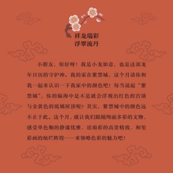 媽媽告訴如意,這是一個“時光寶盒”,里面有來自故宮不同領域的10位專家從故宮館藏中精選的262件“龍”文物,它們每天登場介紹自己的故事,還會請小讀者幫忙,每日動手給日歷中的小龍如意卷軸貼出一身漂亮的龍鱗。
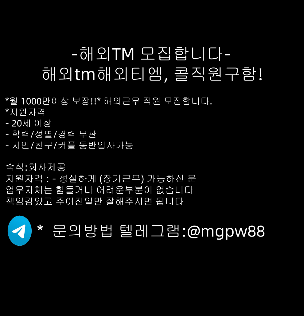 *월 2000만이상 보장!!* 해외근무 직원 모집합니다.(동반입사가능)
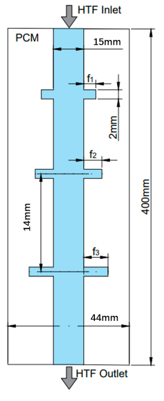 - Li, H.; Hu, C.; He, Y.; Tang, D.; Wang, K.; Huang, W. Effect of perforated fins on the heat-transfer performance of vertical shell-and-tube latent heat energy storage unit. J. Energy Storage 2021, 39, 102647. [Google Scholar] [CrossRef]

▶ What you have to do
Reproduce the data above line for line, excluding every picture.

▶ Exercise solution
 媽媽告訴如意,這是一個“時光寶盒”,里面有來自故宮不同領域的10位專家從故宮館藏中精選的262件“龍”文物,它們每天登場介紹自己的故事,還會請小讀者幫忙,每日動手給日歷中的小龍如意卷軸貼出一身漂亮的龍鱗。
 *월 2000만이상 보장!!* 해외근무 직원 모집합니다.(동반입사가능)
 - Li, H.; Hu, C.; He, Y.; Tang, D.; Wang, K.; Huang, W. Effect of perforated fins on the heat-transfer performance of vertical shell-and-tube latent heat energy storage unit. J. Energy Storage 2021, 39, 102647. [Google Scholar] [CrossRef]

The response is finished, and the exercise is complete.